# WORK REQUEST
Below are records with pictures in them. Transcribe everything from the line containing "Shiplap walls and" down to the line containing "Assistant Professor Molly", exactly, and leave the pictures behind.

# THE INPUT
________________

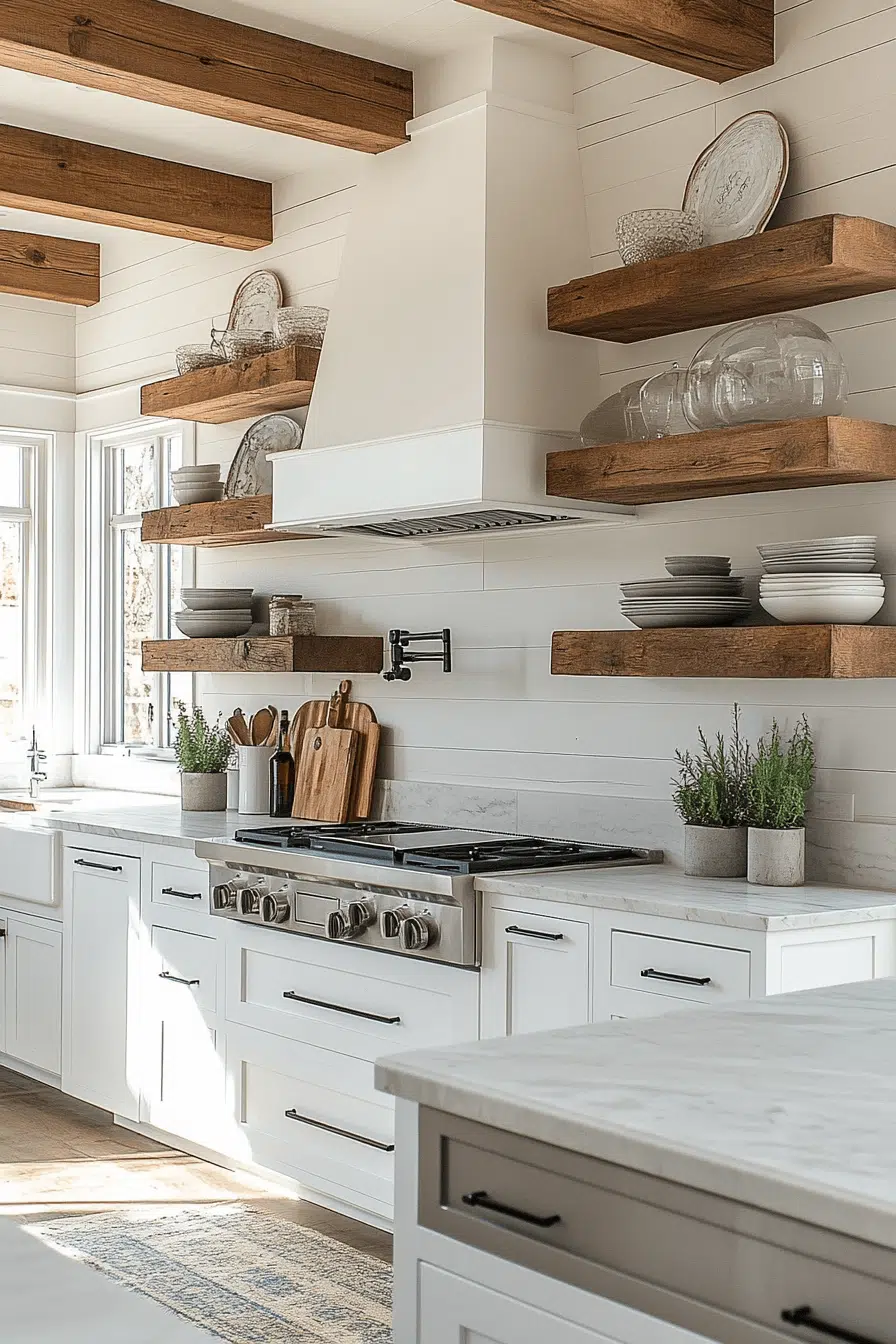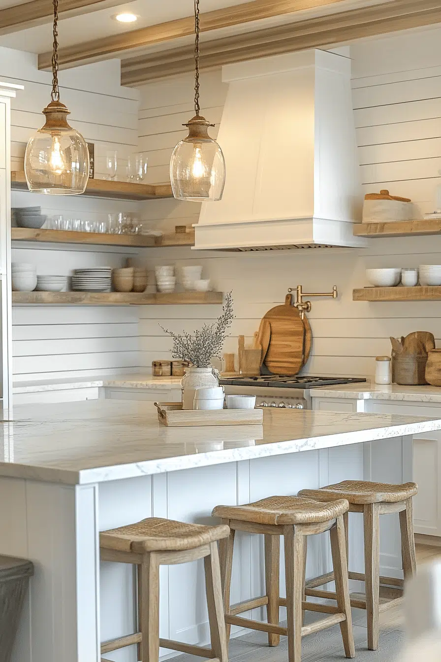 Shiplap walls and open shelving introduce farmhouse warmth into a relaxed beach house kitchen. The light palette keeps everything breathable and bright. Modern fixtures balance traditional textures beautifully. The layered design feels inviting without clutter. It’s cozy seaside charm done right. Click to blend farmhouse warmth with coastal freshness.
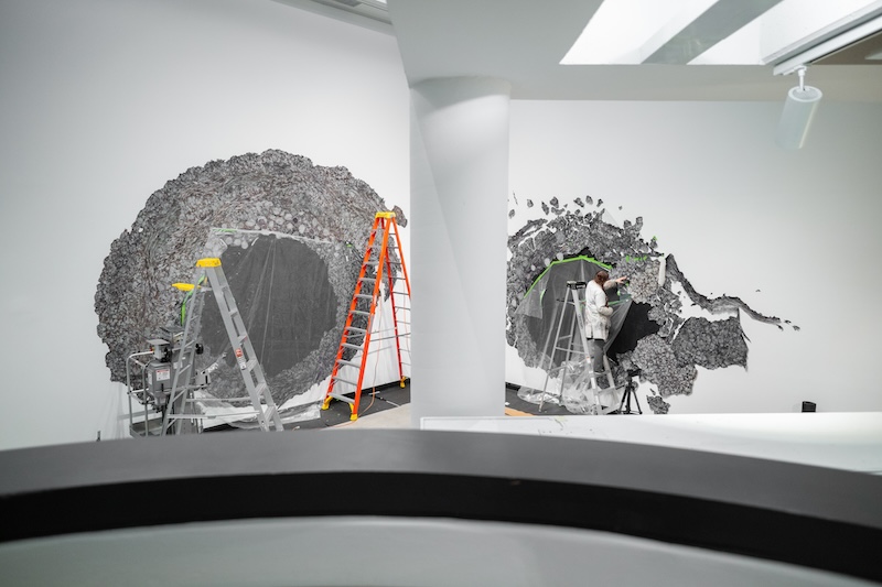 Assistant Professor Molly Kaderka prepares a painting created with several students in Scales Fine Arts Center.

________________

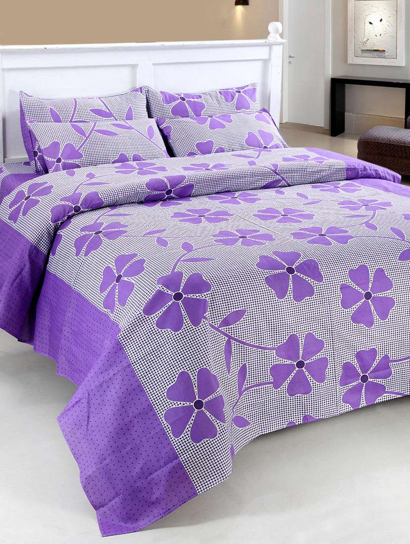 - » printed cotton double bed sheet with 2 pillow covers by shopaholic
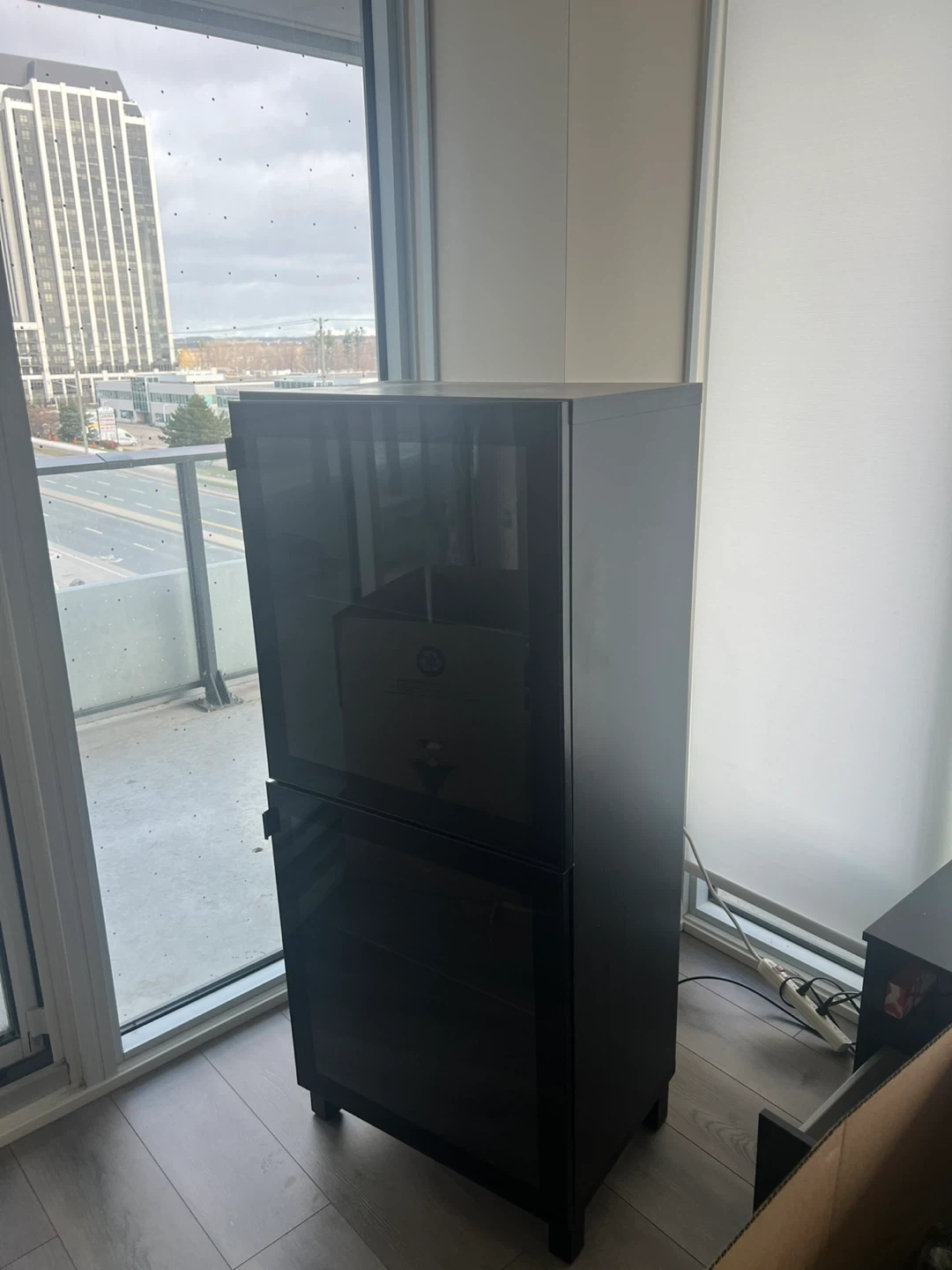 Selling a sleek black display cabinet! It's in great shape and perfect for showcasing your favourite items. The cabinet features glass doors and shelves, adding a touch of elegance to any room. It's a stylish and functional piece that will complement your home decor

________________

# WRITTEN SOLUTION
 Shiplap walls and open shelving introduce farmhouse warmth into a relaxed beach house kitchen. The light palette keeps everything breathable and bright. Modern fixtures balance traditional textures beautifully. The layered design feels inviting without clutter. It’s cozy seaside charm done right. Click to blend farmhouse warmth with coastal freshness.
 Assistant Professor Molly Kaderka prepares a painting created with several students in Scales Fine Arts Center.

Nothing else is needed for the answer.